Contraindications for training

Despite the many useful properties of aerobic fitness and health benefits that it brings, there are a number of contraindications for exercises of this kind.

Experts recommend to refrain from aerobic exercise if you have:

  • acute or chronic diseases of the musculoskeletal system;
  • illnesses that contraindicated the shock load;
  • problems of the venous character;
  • diseases of the cardiovascular system that occur in the acute form;
  • of blood clotting.

Before you start exercising should consult a physician in order to exclude the possibility of negative consequences. In some cases (e.g. for heart disease) the aerobic exercise is allowed, if it is low-intensity and does not exceed the heart rate up to the legal limit.

Exercise and pregnancy

During the period of waiting for a baby many physical exercises are forbidden due to the risks of increasing uterine tone and detachment of the placenta. However, aerobics can be carried out in a low tempo with moderate or low load.

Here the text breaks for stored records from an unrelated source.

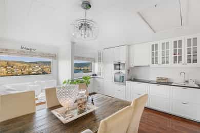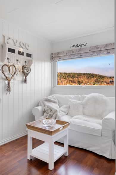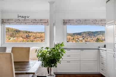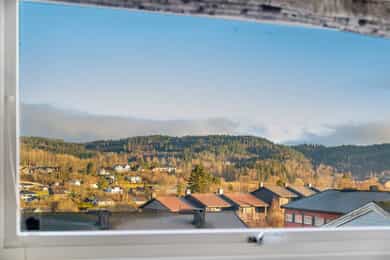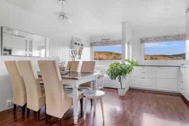 Lys og tiltalende enderekkehus med solrik beliggenhet og flott utsikt. Boligen går over to plan samt loft og har en innholdsrik, arealeffektiv og gjennomtenkt planløsning. Meget pent oppusset med moderne løsninger, god standard og stilrene detaljer – her kan man flytte rett inn. Flott intern beliggenhet øverst på feltet, usjenert og på enden, med utsikt over Lommedalen og Bærums Verk. Barnevennlig område med marka, slalåmbakke og lekeplass i nærheten, samt kort gangavstand til barnehager, skoler, butikker og buss. Fremstående kvaliteter: - Enderekkehus med flott utsikt - Solrik, vestvendt terrasse - Barnevennlig og attraktiv beliggenhet - Nærhet til "alt" - Utebod Dette er en svært god mulighet til å sikre seg et innholdsrikt og trivelig rekkehus i et etterspurt område.
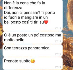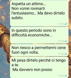 Quando l’ho conosciuta, circa 4 mesi fa, mi sembrava diversa dalle altre: solare, divertente, con quella leggerezza che ti fa venire voglia di uscire anche dopo una giornata storta. Per questo, quando ho iniziato ad avere difficoltà economiche, ho trovato il coraggio di dirglielo. Non è facile ammettere certe cose, soprattutto da uomo: ti senti meno, come se stessi chiedendo l’elemosina. Lei, però, mi aveva rassicurato. Mi aveva detto: “Non ti preoccupare, non è un problema. Mi basta stare assieme, io non guardo quelle cose…”
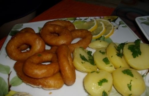Menge Zutat 500 g Tintenfischringe im Backteig, z.B. TK-Ware 400 g Kartoffeln 500 ml Öl zum Ausbacken 1 Zitrone 1 zw Petersilie [...]
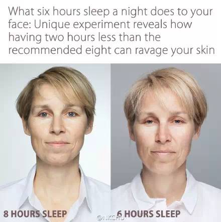 来看一张恐怖的对比图!据《每日邮报》报道,46岁的Sarah Chalmers参加了英国伦敦的一个睡眠学校的实验,连续五天只睡6个小时与睡满8个小时的面容对比照(如下图)。
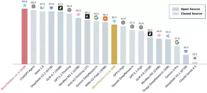 BrowseComp 基准测试的性能比较 |图片来源:MiroMind 正式
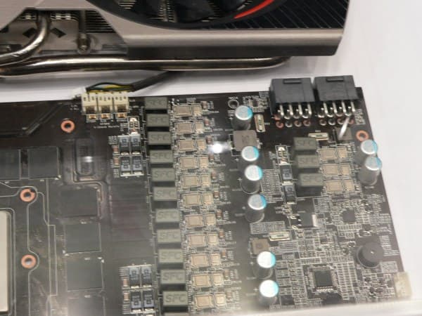 А число каналов преобразователя питания можете посчитать самостоятельно. Впрочем, карта получилась из-за этого выше стандартной и требует наличия двух 8-контактных разъемов.
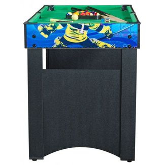 Яркий стол со стильным дизайном скрасит досуг любой компании, ведь он содержит в себе 8 различных игр на любой вкус. Небольшой размер стола позволит разместить его даже в городской квартире.Игры легко меняются. Для выбора нужной игры просто установите поверх основного поля нужную вам игровую поверхность. Благодаря этой функции стол не только легко трансформировать в нужную игру, но и легко хранить, т.к. все игры будут находиться в одном месте и экономить ваше пространство. К каждой из игр прилагается полный комплект аксессуаров: Бильярд (пул):Набор шаров для пула - диаметр 38 мм.Кий целиковый - 2 шт.Мел - 2 шт.Пластиковый треугольник - 1 шт.Щетка для чистки сукна - 1 шт.Аэрохоккей :Биты - 2 шт.Шайбы (62 мм) - 2 шт.Теннис:Ракетки - 2 шт.Мячи - 2 шт.Сетка - 1 шт.Настольный футбол:футбольные мячи - 2 шт.Набор для игры в подковы - 1 шт.Карты игральные - 1 уп.Набор для игры с метанием колец - 1 шт.Набор игральных костей - 1 шт.ХарактеристикиВес: 26 кгДиаметр шара, мм: 38ДхШхВ: 113 х 60 х 81 смИгровое поле: - футбол — 108 х 58 мм; - аэрохоккей — 96 х 47,5 мм; - бильярд 99 х 50 мм.Материал: MDFНоги: 66 х 8 мм; MDFОснова игрового поля: MDFРаботает от сети: НетРазмер упаковки: 104,5 х 66 х 16,5 см, 29 кгСтрана происхождения: КитайШтанги (материал): Ф12 мм, полые стальные. None
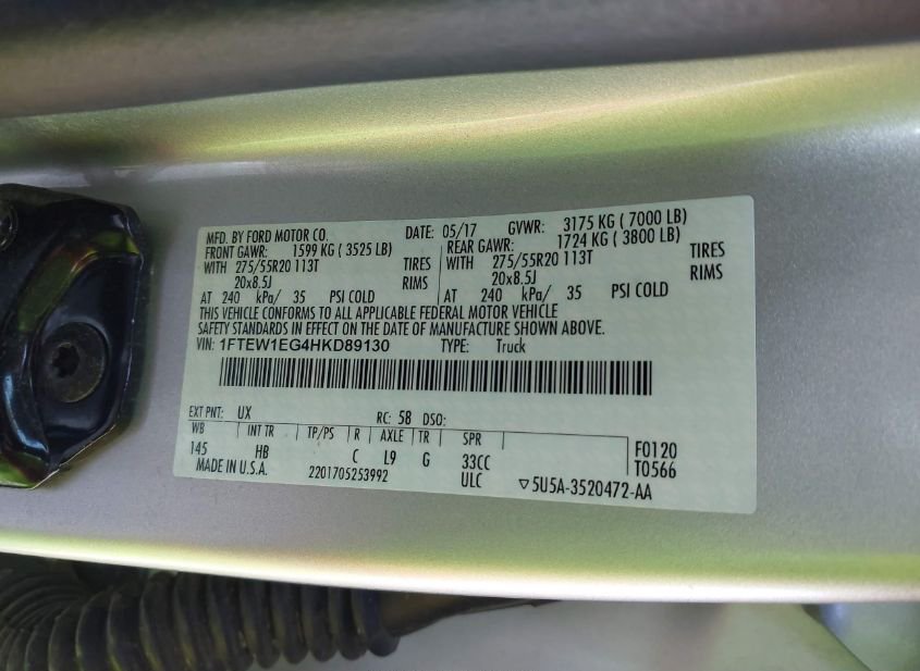- VIN: 1FTEW1EG4HKD89130

The correct and carefully chosen aerobic fitness training during pregnancy will have a positive impact on the expectant mother:

  • strengthen the muscles of the abdomen;
  • strengthen the heart muscle;
  • get rid of oedema in the limbs;
  • burn calories;
  • prevents development of venous diseases;
  • improve psycho-emotional state;
  • normalize sleep;
  • will train the respiratory system.

Many fitness instructors offer pregnant women special services: group yoga classes for pregnant women. Physical exertion in such a small group of the most gentle, excluded as jumping, running exercises and other sharp movements.

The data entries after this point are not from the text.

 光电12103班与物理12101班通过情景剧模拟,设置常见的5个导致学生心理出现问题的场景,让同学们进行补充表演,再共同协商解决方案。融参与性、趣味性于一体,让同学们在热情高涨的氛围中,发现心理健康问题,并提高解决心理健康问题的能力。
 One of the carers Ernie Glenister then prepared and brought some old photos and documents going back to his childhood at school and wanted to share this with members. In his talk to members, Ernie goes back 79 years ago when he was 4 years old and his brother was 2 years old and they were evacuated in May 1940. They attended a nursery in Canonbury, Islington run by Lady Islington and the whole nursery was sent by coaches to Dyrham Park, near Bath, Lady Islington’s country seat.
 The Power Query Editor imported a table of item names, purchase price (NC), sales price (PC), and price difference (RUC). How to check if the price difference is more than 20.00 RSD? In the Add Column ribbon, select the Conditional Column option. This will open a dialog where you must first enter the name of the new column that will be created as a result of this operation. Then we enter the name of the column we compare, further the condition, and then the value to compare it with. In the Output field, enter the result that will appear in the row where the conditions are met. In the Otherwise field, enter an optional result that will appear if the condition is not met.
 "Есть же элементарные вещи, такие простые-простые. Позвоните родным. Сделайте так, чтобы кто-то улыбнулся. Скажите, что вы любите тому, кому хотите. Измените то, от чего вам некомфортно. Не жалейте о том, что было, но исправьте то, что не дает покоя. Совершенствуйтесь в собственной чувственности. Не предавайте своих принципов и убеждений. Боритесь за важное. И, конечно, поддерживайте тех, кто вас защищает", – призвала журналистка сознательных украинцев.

Kinds of aerobics as the direction

Before starting aerobics, you need to determine the direction of the lesson. There are several basic types of aerobic training, thanks to which anyone can choose a workout for the soul.

  • Classic aerobics.

A set of exercises on all groups of muscles under dynamic music. Aimed at fat loss, development of endurance and bring the muscles in tone.

  • Aerobic dance.

Complex plastic physical exercise performed under a rhythmic pace of different music styles. The most popular Zumba and Latin. The main objective of the training was to develop plasticity, sense of rhythm, strengthening posture, fight against fatigue and overwork.

  • Step aerobics.

The complex physical exercise using a step platform. Movements mimic walking, the descent and ascent stage. The complex is aimed at fat loss and development of muscles of the lower torso.

  • Gymnastic aerobics.

Is carried out using various gymnastics apparatus: clubs, exercise ball, tapes, bodybar.

  • Power aerobics.

The exercises are designed to strengthen the muscles by using a moderate load. In studies using low-weight dumbbells kettlebell, mini-bar.

  • The aerobics.

Aerobic exercise performed in water, which increases the intensity of the movements for water resistance.

One major advantage of aerobics is that to engage in such fitness can not only in the gym but at home. Enough to arm themselves with the necessary tools (depending on chosen direction), to include active favorite music and perform movements using video tutorials.